Ma questa volta Giò non si limitò a farsi prendere: con un movimento deciso prese il ragazzo per la testa, tirandolo su verso di sé.
Non si fece pregare, e la bocca di Giò si abbassò a sua volta, a prendere in bocca quel cazzo grosso e ruvido, a succhiare forte, a ingoiare con fame come se quel sapore fosse la sua linfa vitale.
Il suono umido del sesso orale riempiva l’aria, le mani si stringevano, i corpi si muovevano in un ritmo feroce e selvaggio, mentre la voglia cresceva a dismisura.
Giò si sentiva vivo come mai prima, una creatura di piacere che si abbandonava ma prendeva il comando quando voleva, una combinazione esplosiva di passività e dominio.
Intorno a loro, altri uomini si facevano avanti, attratti da quel vortice di sesso e desiderio che non accennava a fermarsi.
Giò sentì un altro corpo contro di sé, le mani che gli tolsero la camicia, il respiro caldo sul collo mentre un altro uomo iniziava a baciarlo con ardore, mordicchiando la pelle, lasciando segni rossi e profondi.
Senza esitare, Giò si girò e lo spinse a terra, spalancandogli i pantaloni con decisione e prendendo in bocca il cazzo duro e dolce, succhiandolo con rabbia e pazienza, facendolo tremare e gemeva come un dannato.
Nel frattempo, un altro uomo era salito sull’auto, sdraiandosi sul cofano, offrendo il culo a Giò che non si fece pregare: abbassò i pantaloni e con un gemito basso entrò dentro di lui, lento, profondo, deciso.

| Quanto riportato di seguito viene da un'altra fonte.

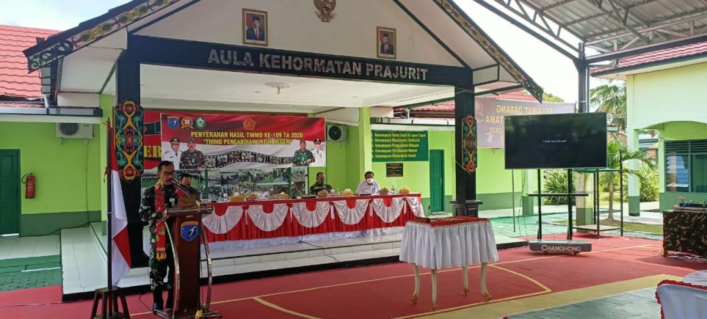 Sampit, Lintasbali.com – Penutupan  program TNI Manunggal Membangun Desa (TMMD) secara langsung dipimpin Danrem 102/Panju Panjung Brigadir Jenderal TNI Purwo Sudaryanto, bertempat di Aula Makodim 1015/Spt Jln. MT. Haryono No. 56 Kelurahan Mentawa Baru Hulu Kecamatan Mentawa Baru Ketapang, Rabu (21/10/2020)

La combinazione di bocche, cazzi, mani e corpi che si intrecciavano era una danza selvaggia, una tempesta che non lasciava scampo, un luogo dove ogni desiderio era sacro e ogni limite cancellato.
Giò gridava, si faceva prendere e prendeva, succhiava e si faceva succhiare, dominava e si lasciava dominare, in un gioco che non aveva fine.
Quando la mattina iniziò a sfumare all’orizzonte, Giò si trovò seduto sul cofano della macchina, i capelli scompigliati, il cazzo ancora duro, le mani appoggiate sulle ginocchia, gli occhi che brillavano di quella luce che solo chi ha passato una notte così conosce.
Era stanco, ma pieno di quella energia selvaggia che solo il sesso feroce e sincero sa dare.
E sapeva che, a maggio, quel parcheggio vicino Bologna sarebbe diventato il suo rifugio, il suo santuario, il posto dove poteva finalmente essere se stesso, nel modo più sporco, vero e intenso possibile.